The Language of Winter
"We have all of us eaten the pomegranate seed
of language, and we are its Persephone in the
ways of structuring our experiences of ourselves
and the world."
___ John Moariarty, "Turtle Was Gone a Long Time"
John Moriarty refers here to the Greek myth of Persephone, who went into the Underworld with the god Hades. When sought by her mother, Demeter, she was licensed by the gods to return to the Middle World again, as long as she had eaten anything while in the Underworld. But Persephone had partaken of six pomegranate seeds, and so it was judged that she could return to earth for only half of the year. During those six months that she remains in the Underworld, we have winter. Similarly, the ways in which we think and speak, the concepts that we use to frame experience, give their own limited seasonal coloration to our culture. Meaning is submerged in the very words w speak. We have little sophistication of expression in the West to speak about deeper, mythic states, which is probably why we have such a correspondingly rich folk-story tradition, which speaks of nothing else.

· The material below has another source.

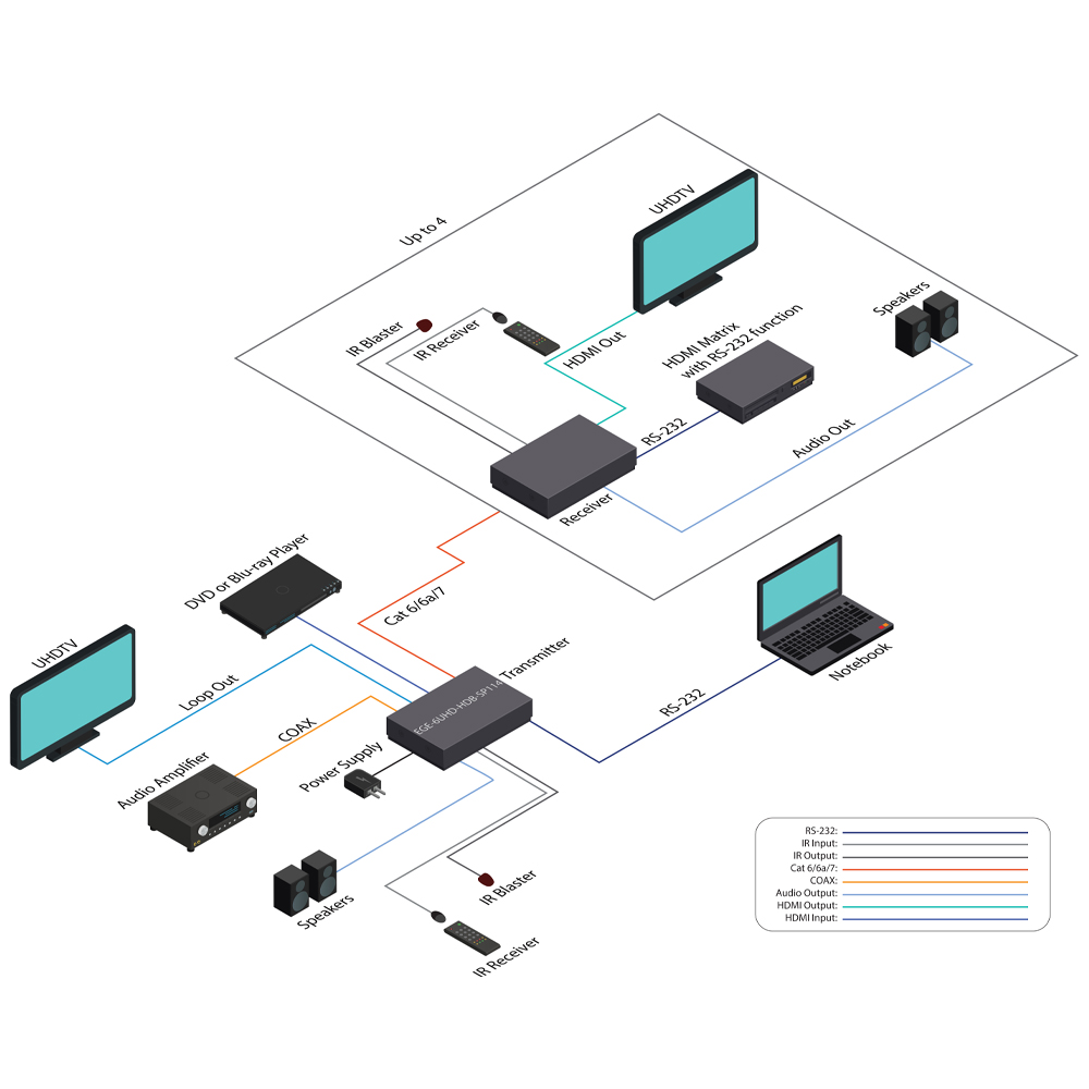 This 18Gbps HDMI 1×4 HDBaseT Splitter can distribute 1 source signal to any 4 display devices. Support video resolution up to 4K2K@60Hz 4:4:4. It is designed with 1 HDMI loop output and 4 HDBaseT outputs. The HDMI signal transmission distance can be extended up to 120 meters at the resolution of 4K2K@60Hz, or 150 meters at 1080P@60Hz via a single CAT6/ 6a/7 cable. The product supports IR and RS-232 signal pass-through, audio extract function and advanced EDID management.

The revolt against the language of winter is everywhere around as people attempt to explain their own subtle experiences. This revolt often expresses itself in extreme ways - as an unhealthy stretching out toward the bizarre, the unexplained, and the alien, when all the time the common but subtle experiences of life are so ordinary. When we begin to use the wisdom of the pomegranate seeds of language with the insight of those who have experienced the deep riches of the Underworld, we will be liberated Persephones, able to bring beautiful spring to our bare acres of expression.
"Recall a subtle experience of your own. Write it down or speak it onto tape in a way that captures the mood and experience."